My Mother-in-law passed, how do I honor her memory?
Christmas is here! For so many of us it is magic and memories, family and fun. It’s the most wonderful time of the year… until it isn’t. My mother-in-law passed away in late October and I’m struggling to know how to honor her and comfort my husband as we celebrate the holidays.
After we had to cancel our Disney vacation in March {Damn, you Covid!}, we decided to spend some well-deserved ad socially-distanced time out of town in the Smoky Mountains during Fall Break. The day we arrived, just as we were driving into town, my brother-in-law tried to FaceTime us. He was with my mother-in-law and they wanted to say a quick hello. We were in the car, trying to find our way to our cabin, and opted for a phone chat instead. She was in the hospital for some stomach issues and was soon to be transferred to a rehab facility for the remainder of her recovery. I didn’t know that was the last time we would speak to her.
Later that week, just as we were leaving for a mountainside hike, we got the call. She had woken up for breakfast, chatted with the staff, and when they came back 20 minutes later she had passed. I was literally sitting on the side of a mountain with my husband and two kids, trying to figure out what to do. It was chaos, immediately packing up our vacation, making a mad dash back to Indiana to swap out our hiking gear for funeral apparel, and driving immediately to New Jersey. My husband functioning in a thick fog of grief while I went into crisis management mode.
I’m haunted by that last conversation we had with my mother-in-law. She didn’t often speak to me on the phone, but made a point that day to tell us to love each other {she’s was not verbally sentimental, so this was very out of character for her} and before she hung up told me to take care of my husband. Looking back, I wonder if she knew deep down what was coming, what we didn’t believe was going to happen. Now, I’m faced with honoring her words, and caring for him as his heart heals. As a mother, I understand her words, and the importance for her to insure her child was cared for and loved. There’s nothing a momma won’t do to protect her baby, no matter their age.
TALKING ABOUT LOSS, another CityMom shares her experience of losing her father-in-law
My husband was a later-in-life baby, and by the time I met him in our late 20’s, my in-laws were already older. My mother-in-law, has struggled with health issues for some time, suffering from several strokes before I met her, so I never knew the mother she was before. I never saw her in her “mom element,” carrying out the Christmas magic. We began our marriage in New Jersey, but moved to Indiana soon after our first child was born {hello, cheaper cost of living!} five years ago, so my connection with my in-laws has been over a great distance. I never saw the traditional Christmas from my husband’s childhood. I never sampled her favorite meals to cook or learned her Christmas cookie recipe. That time was gone.
After the funeral, it has been a mad dash of holidays, major work projects, and getting life back in order. There hasn’t been time to truly sit and feel. All month I have been fretting over how to bring my mother-in-law into our Christmas. This is a painful time for my husband to not have his mother.

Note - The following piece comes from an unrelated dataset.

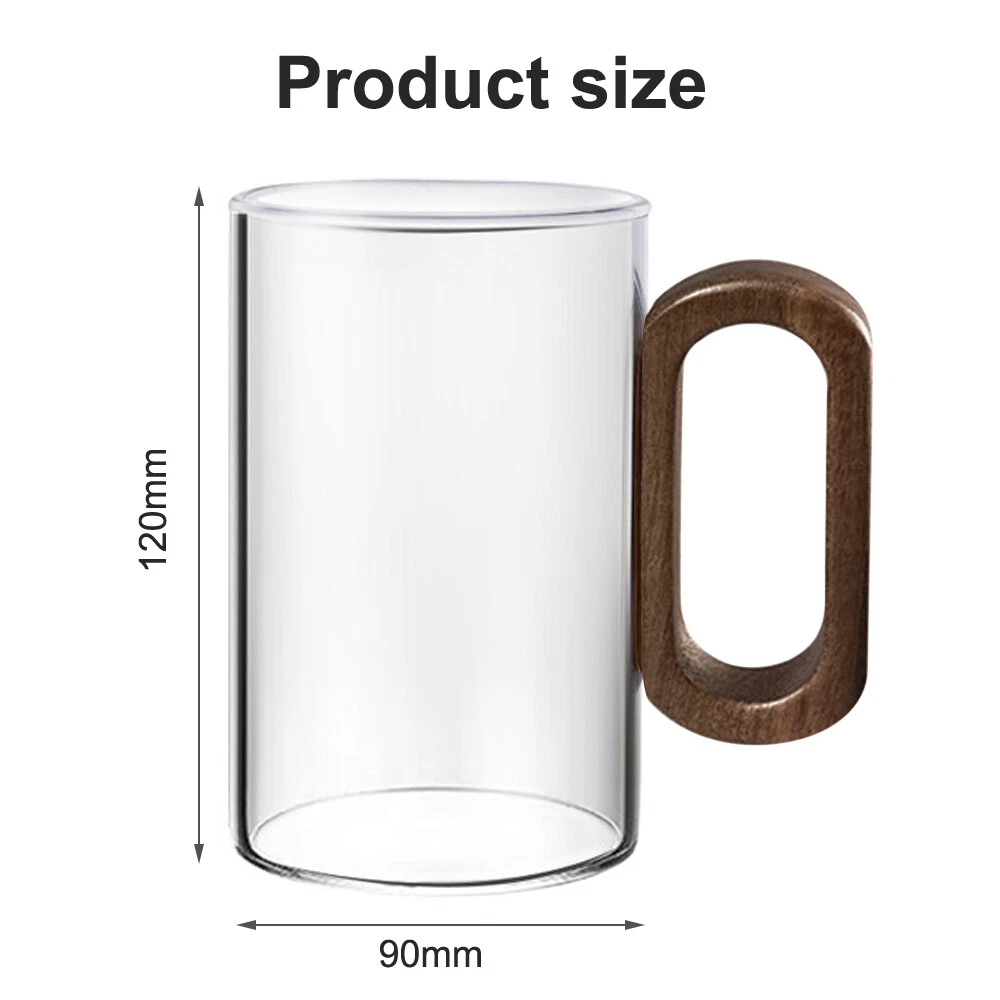 Features: 1. High borosilicate glass material: This glass cup is made of high borosilicate glass, which is known for its excellent heat resistance and impact resistance. It is not only safe and durable, but also highly transparent, crystal clear, allowing you to enjoy the drink while also appreciating its pure color. 2. Creative styling design: The cup cleverly combines walnut wood with high borosilicate glass to create a modern and retro aesthetic. This unique design not only enhances the beauty of the cup, but also makes it a fashionable decoration on your desktop. 3. Humanized leak proof design: Considering the convenience in daily life, this glass cup specially adopts a humanized design to ensure that there will be no leakage during use. Don't worry about the beverage spilling out. 4. High temperature resistance performance: The high temperature resistance of high borosilicate glass allows this glass cup to withstand high temperature environments, making it suitable for holding hot or cold drinks without worrying about cracking or deformation due to temperature changes, making use more reassuring. 5. Fashionable lifestyle atmosphere: This glass cup adds a touch of elegance to your daily life with its fashionable design and exquisite craftsmanship. It is not only a practical drinking utensil, but also a symbol of your taste in life. Whether used at home or in the office, it can demonstrate your pursuit of quality of life. Specifications: Size: 11.5 * 8 * 8cm Capacity: 350ml Function: High temperature resistance Style: Modern and minimalist Product List: 1 x glass cup On Dec 12, 2024 at 02:24:41 PST, seller added the following information:

Christmas memories are intrinsically tied to your childhood family and those traditions you built together. I’ve asked my husband several times if there is anything special I can do. Do you want me to cook a special breakfast? Is there a song she loved? Can we play a game your family enjoyed? Like a typical guy, he can’t think of anything.
Sadly, this year, we won’t be able to make the trip to New Jersey to celebrate with my husband’s family {thanks again, Covid!}. So, I’m here, hundreds of miles from his childhood Christmas memories, hoping to conjure up something to offer him comfort.
I can see my husband struggling, the grief in his eyes. I catch him tearing up watching our kids decorate the Christmas tree and see him duck into the privacy of our room for a few quiet minutes after a phone call with his dad. I’m worried I’m not doing the right things, I’m not doing what she asked to take care of him.I found a local Momma {thanks, Home Sweet Meow!} who recreates gifts with loved-one’s handwriting. After scrounging through our basement for old cards, I found several and she was able to put together a sweet ornament for my husband, father-in-law, and brother-in-law. We collect sentimental Christmas ornaments and relish unpacking them and decorating the tree each year. I hope seeing his mother’s kind words, is, in some small way, a comfort and something we can look at for years to come.
Helping your partner through a major loss is something I was not prepared for. Nothing you can do or say feels like enough. You’re helpless to ease their grief, to fix their problem. I’ll never be able to make it OK. There will always be a hole in his life, in our family, where she was. I hope we can find ways to pour our love into that hole and make a place of happy memories.